No one wants to see the season gone, but if it were to happen, the Thunder would be one of the least affected teams. The only true free agents would be Nate Robinson and Nazr Mohammed, and both of them are pretty expendable should they decide to leave. Russell Westbrook will be a restricted free agent, but the team would be insane not to pay him at or near the maximum salary, and he should be on board for at least a couple more years. The only potential fear for 2012 would probably be how well the players stay in shape over the long off-season. Nobody wants to see a repeat of what happened to Shawn Kemp. But, Russell Westbrook has a house that consists entirely of Ozarka Water, so as long as the team parties there, we should be okay.
But the team's real concern should be the 2013-2014 season. At the point, we'll have to re-sign both James Harden and Serge Ibaka, and we really don't have the money to sign both to what their market value will be. Durant's "Thunder U" concept may be appealing to some, but money talks.
4. If you could make one change the NBA's new CBA, what would it be?
(Question Below Answered by the Illustrious J.A. Sherman, who also contributes to this blog.)
If I may summon the ghost of Colonel Slade and take a flamethrower to the current NBA to make it both more financially viable and more competitive, there is one broad brush stroke that I would use to do both – the hard salary cap.
What do we the consumers really want from our NBA? What I think we truly want is for each NBA event to matter in a way that validates the amount of time, resources, and passion we put into it.

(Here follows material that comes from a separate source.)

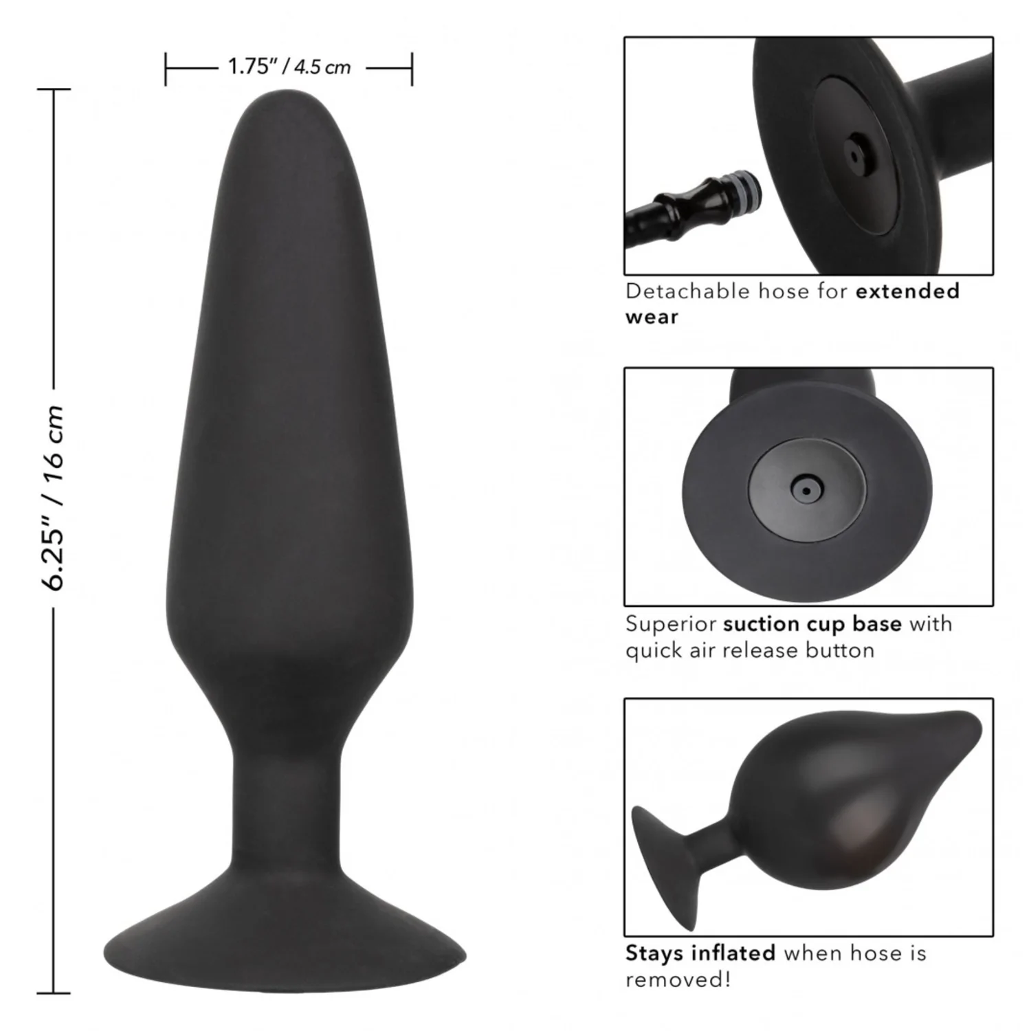 Anal plug-ul gonflabil CalExotics cu miez solid te va încânta cu un furtun detașabil, astfel că îl poți umfla ușor la măsură dorită, iar după scoaterea furtunului, jucăria va persistă umflată.

We want games that are competitive. Los Angeles and New York will always have financial advantages that Indiana and Charlotte do not, and no matter how drastic the soft cap luxury tax penalties might be, those franchises will simply use those additional financial advantages to absorb the cost and retain a competitive advantage. A soft cap conflates the economic advantage with the competitive advantage; the hard cap bifurcates the two. Under a hard cap system, while Team A may still be able to make more money than Team B, the system means that Team A will only succeed on the court by making prudent basketball decisions, just like Team B. Operating costs will be more restrained, overall competition will rise, and with a better product to offer, demand for the NBA as a whole will increase as well.

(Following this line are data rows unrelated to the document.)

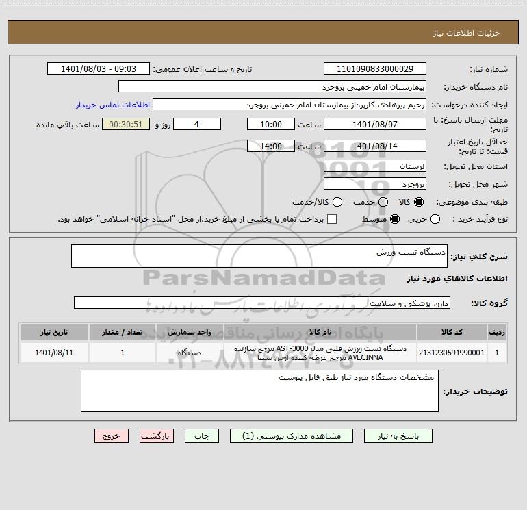 نام دستگاه خریدار:بیمارستان امام خمینی بروجرد
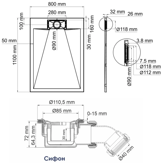 Сифон для раковины 1 1/4"-32x40/50 АНИ пласт BM1016
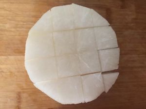 以白萝卜为例切成长条如图(根据萝卜的粗细决定切几次,我的萝卜比较大一般的切成九宫格就好)

In the event that a hard cap is unrealistic, as a second notion I would just fight to have Baron "Woodsman" Davis present at every NBPA press conference, because then at least I’d have something to smile about.
5. How far do the Thunder go in Year 4? (Whether that be this year or next.)
At some point, every team hits reality. A star player goes down. Drama hits the locker room. Better teams arise. But I just don't see that coming for the Thunder. Durant and Westbrook have both been extremely durable, and the team is one of the most harmonious I've ever seen. Perk's legal troubles over the summer are things that the Jailblazers would laugh at.
In addition to the stability of the team, the Thunder find themselves in a the middle of a transitioning conference. While the East has some strong contenders who reckon to be around for a long time (Bulls, Heat, and to some extent the Knicks, Hawks, and Magic), the West is wide open. The traditional contenders (Mavericks, Spurs, Lakers) are aging, and the emerging teams (Nuggets, Grizzlies) are teams that the Thunder have proven they can beat. So the NBA Finals is a distinct possibility next season, but whether they can win on such a large stage is another matter entirely.
Yeah, I might be looking at things a bit too optimistically, but that's what hometown blogs are for. Sure, the Thunder might not solve their offensive problem and go down in an early round. Or a new Western contender could emerge in the post-lockout mess. But with things looking the way they are now, this is how I see it playing out.